Seberang Takir (Jawi: سبرڠ تاكير) is a small town in Kuala Nerus District, Terengganu, Malaysia. The  town consists of several fishing villages namely Kampung Baru Seberang Takir, Kampung Hulu Takir, Kampung Padang Takir, Kampung Batin and Kampung Seberang Takir itself.

History 
The name "Seberang" means "across" referring to the place (Seberang Takir) being across the Terengganu river separating it from the city of Kuala Terengganu. The name "takir" however means "cut" so the full name of the town is "Across to cut". Based on Terengganu history, Seberang Takir is a place where prisoners were held to serve capital punishment for their crimes by cutting off hands or feet.
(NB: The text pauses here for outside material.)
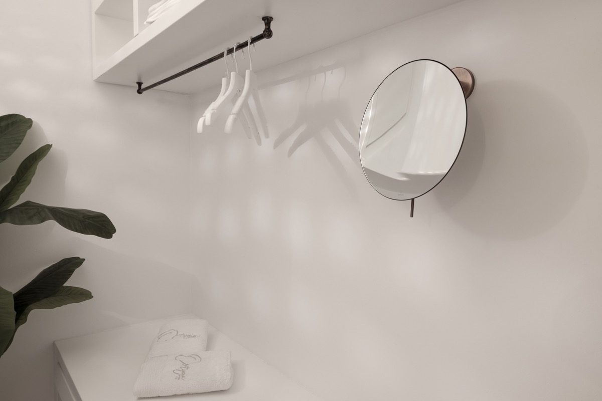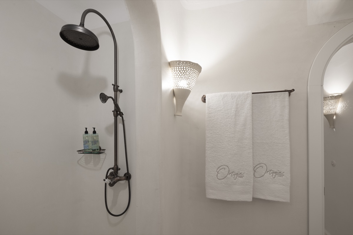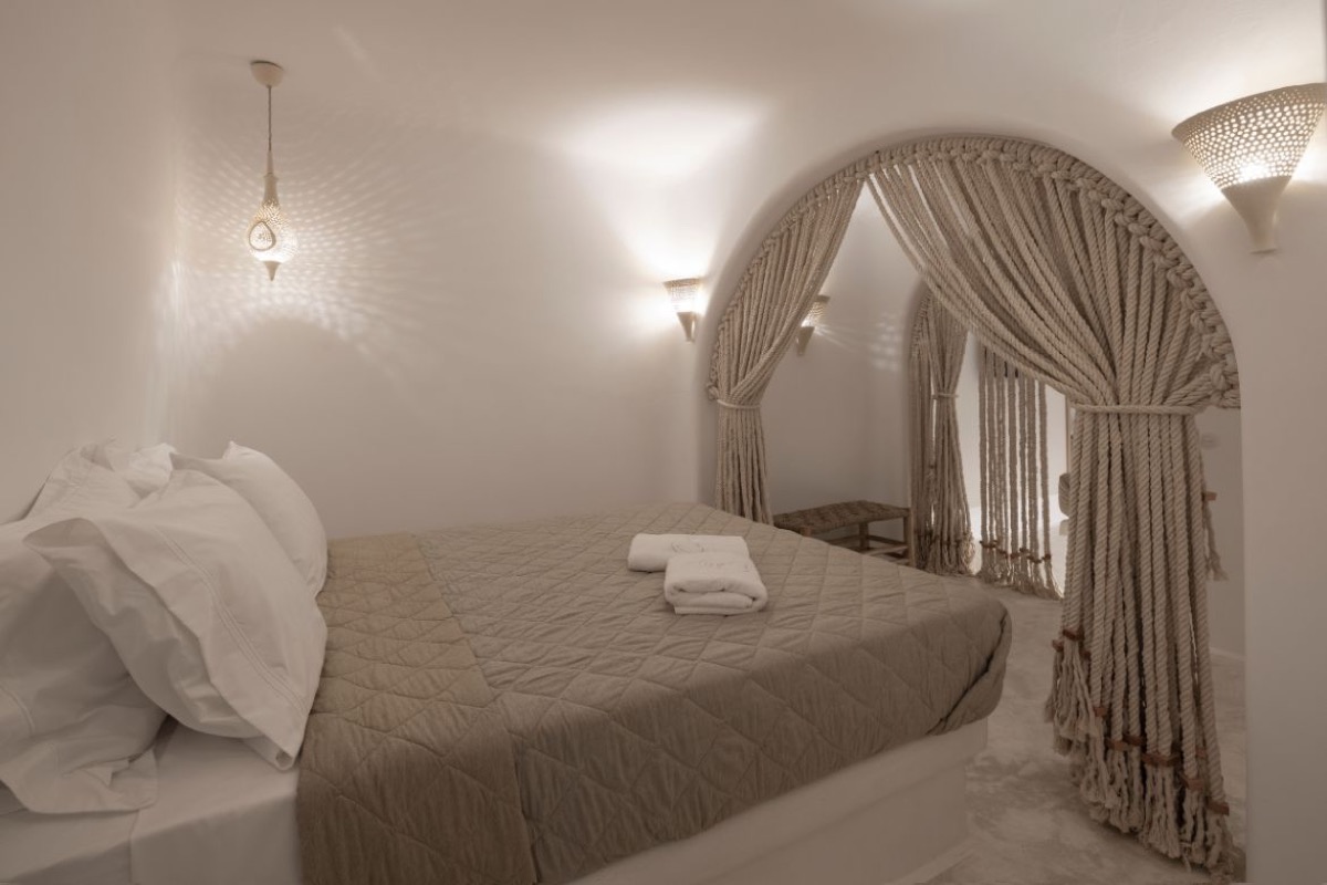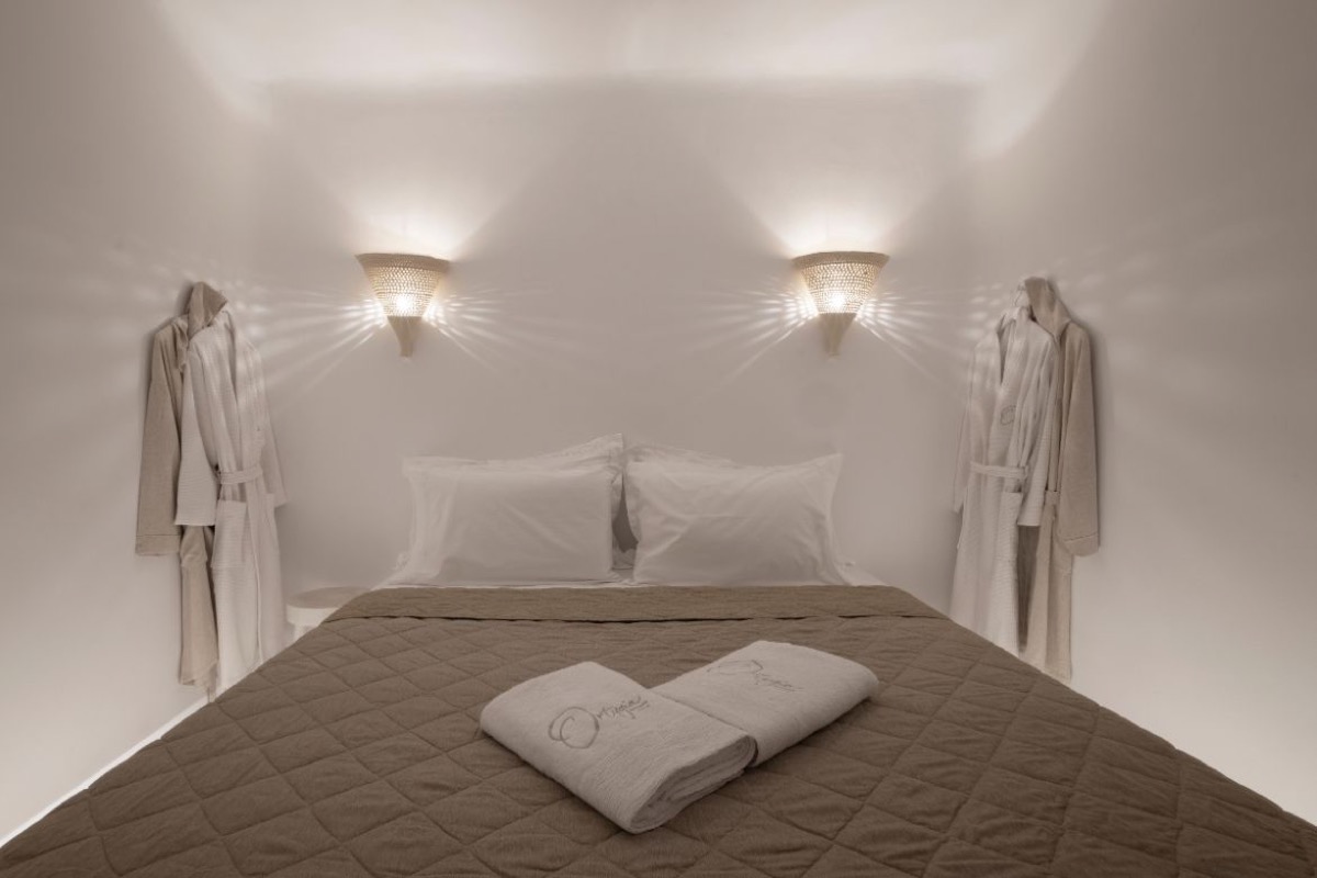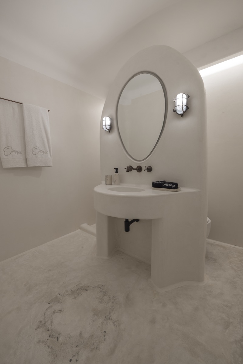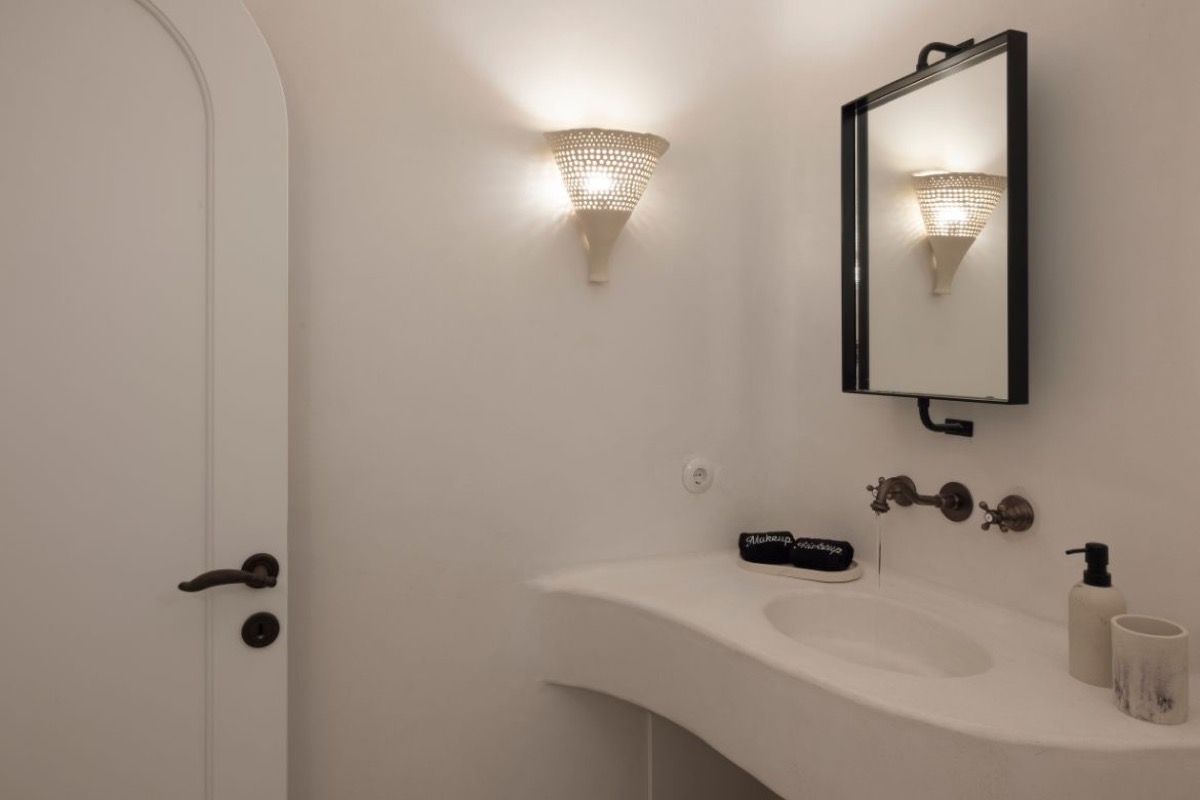 A highlight of the suite is its beautifully crafted bathroom. With sculpted surfaces, gentle lighting, and a spacious shower area, it offers a soothing, spa-like bath experience - ideal for unwinding after your day in Mykonos.

Seberang Takir later developed into a permanent settlement as kampongs started popped up along the northern shores of Terengganu river. For most of its history, Seberang Takir was put under the administration of Kuala Terengganu until 2014, where it became part of the newly-created district of Kuala Nerus (but the town still remains under the municipal jurisdiction of the Kuala Terengganu City Council even after the split).

Attractions 
Kuala Nerus side of Kuala Terengganu Drawbridge is located in Kampung Seberang Takir. Besides the bridge, the new mosque that is Masjid Kampung Seberang Takir is also located in the town and has become the main attraction in Seberang Takir. The parking lots near the Drawbridge is a famous food truck hotspot called Foodtruck Panoramik.